Simultaneously, she began re-examining her father Andrea's travel records and communication archives (those stored in the family's private archives, not on corporate servers), searching for any overlooked traces of informal contact with Alessandro or his proxies. Through Anna, she even contacted a former Cambridge classmate of her father's, now an authority in international art crime research, using the pretext of "academic consultation" to indirectly inquire about the activity patterns of specific individuals in the European art-secured loan market during certain periods.

These actions were scattered, concealed, and slow-paced, like deep ocean currents: placid on the surface, yet holding the power to reshape the landscape beneath. Elisa transformed herself into a perfect decoy: to Alessandro and the outside world, she was the woman gradually accepting her marital fate and single-mindedly saving the family business. On the dark side known only to her and Anna, she was a cool hunter, meticulously weaving a net strong enough to counter, even ensnare, her opponent.

She still had not contacted San Gimignano. Not once.

That place held all her vulnerabilities and was where Alessandro's gaze occasionally lingered. Any unusual contact could shatter the delicate balance she maintained, triggering suspicion. She had to believe that Lorenzo understood the weight of this silence, that he could hold that line.

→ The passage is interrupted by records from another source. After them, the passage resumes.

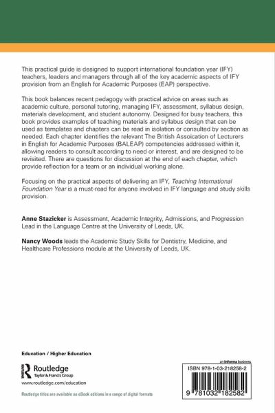 This book balances recent pedagogy with practical advice on areas such as academic culture, personal tutoring, managing IFY, assessment, syllabus design, materials development, and student autonomy. Designed for busy teachers, this book provides examples of teaching materials and syllabus design that can be used as templates and chapters can be read in isolation or consulted by section as needed. Each chapter identifies the relevant The British Assoication of Lecturers in English for Academic Purposes (BALEAP) competencies addressed within it, allowing readers to consult according to need or interest, and are designed to be revisited. There are questions for discussion at the end of each chapter which provide reflection for a team or an individual working alone.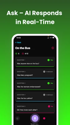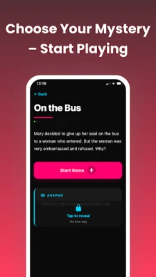 Your personal AI assistant helps you solve mysteries! Simply ask questions using your voice (or type them) and receive instant "yes" or "no". The AI guides you through the investigation, making you feel like a real detective. Perfect for solo play anytime, anywhere!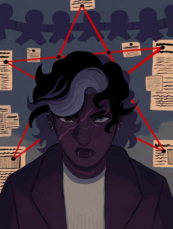 Jonah is a quick-witted, kind, and considerate person. He had been in the adoption system until he was around six years old. He was adopted by his parents as a PR stunt due to the company they own having a slightly poor public image but his mother refused to get pregnant. He never really fit in.He meets Adam in high school when his family moves in town to get him to socialize with kids his age. It took a couples weeks before Adam warmed up to him and they became inseparable. During their final year, Jonah is informed that the family must leave for a two year business trip upon his graduation. He promises Adam to return immediately afterwards.Two years passed and upon returning, Jonah finds himself waking up in the middle of the woods with scars across his face, a different coloured eye, and his best friend acting strangely. Now that people are suddenly dying, the two take it upon themselves to investigate the town, it's history, and what happened that night in the woods.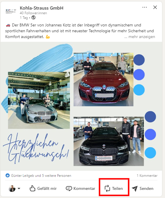 Beiträge können auf LinkedIn mit oder ohne Kommentar geteilt werden. Man muss nur sicherstellen, dass man den gewünschten Beitrag auf dem Unternehmensprofil teilt - und nicht auf dem privaten Profil.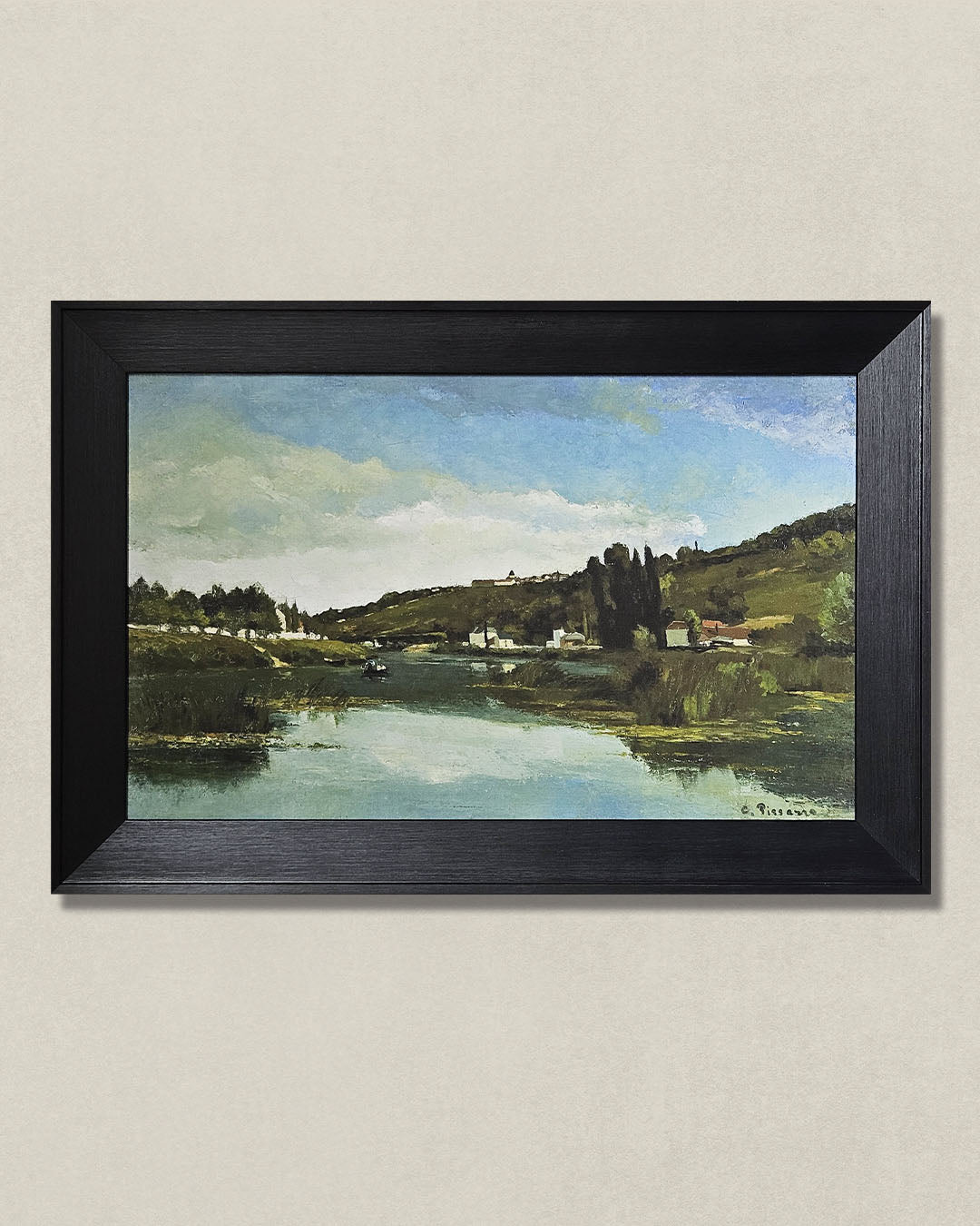 "The Marne at Chennevieres" by Camille Pissarro is a serene and evocative landscape painting that captures the natural beauty and tranquility of the Marne River in the small French village of Chennevieres. Painted by the esteemed Impressionist artist, this work showcases Pissarro's exceptional talent for rendering the play of light, atmosphere, and the fleeting moments of everyday life.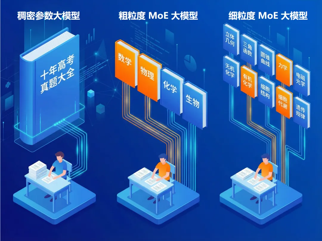 打个比方,假如大模型是个理综考生,稠密参数大模型就是从一本“十年高考真题大全”合订本里找思路,知识庞杂,效率低下。粗粒度模型,则实现了初步的学科分类和调用,减少了无效的知识调用。细粒度MoE,则是更进一步,特定的题目只调用特定的细分知识点组合,见招拆招,精准调配。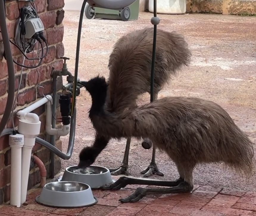 2羽の野生のエミューが家の私道を歩いてきて、開いていた門を通り抜け、敷地内へと入ってきたのだ。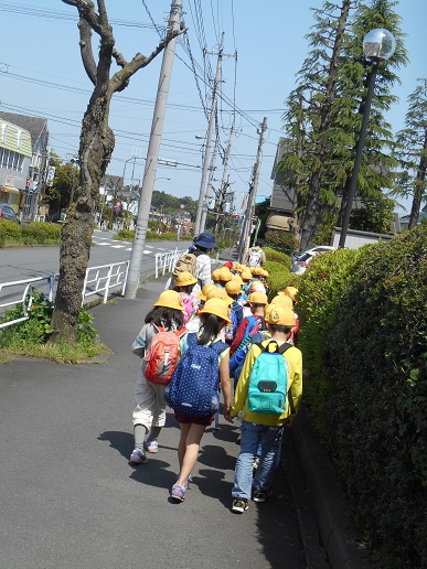 入学して初めての遠足。朝は、わくわくした様子で教室に入ってきました。出発式で遠足での約束事を確認していよいよ出発!先日の交通安全教室で学んだ、歩道を歩くときや横断歩道の渡るときの約束をしっかり守って陵南公園まで歩くことができました。

Milan's nights remained as brilliantly lit as ever. Elisa stood before her office's floor-to-ceiling window, looking down at the city she had once conquered, lost, and was now re-engaging with on entirely different terms. The window glass reflected her cool and resolute face and the faint gleam of silver on her ring finger.

Rumors were the fog. Silence was the armor. And the true edge of the blade was often honed in the deepest quiet, awaiting the moment for a single, decisive strike. Alessandro thought the rumors he'd spread were the hunting horn's call. He did not realize they might also be the lullaby lulling him into complacency.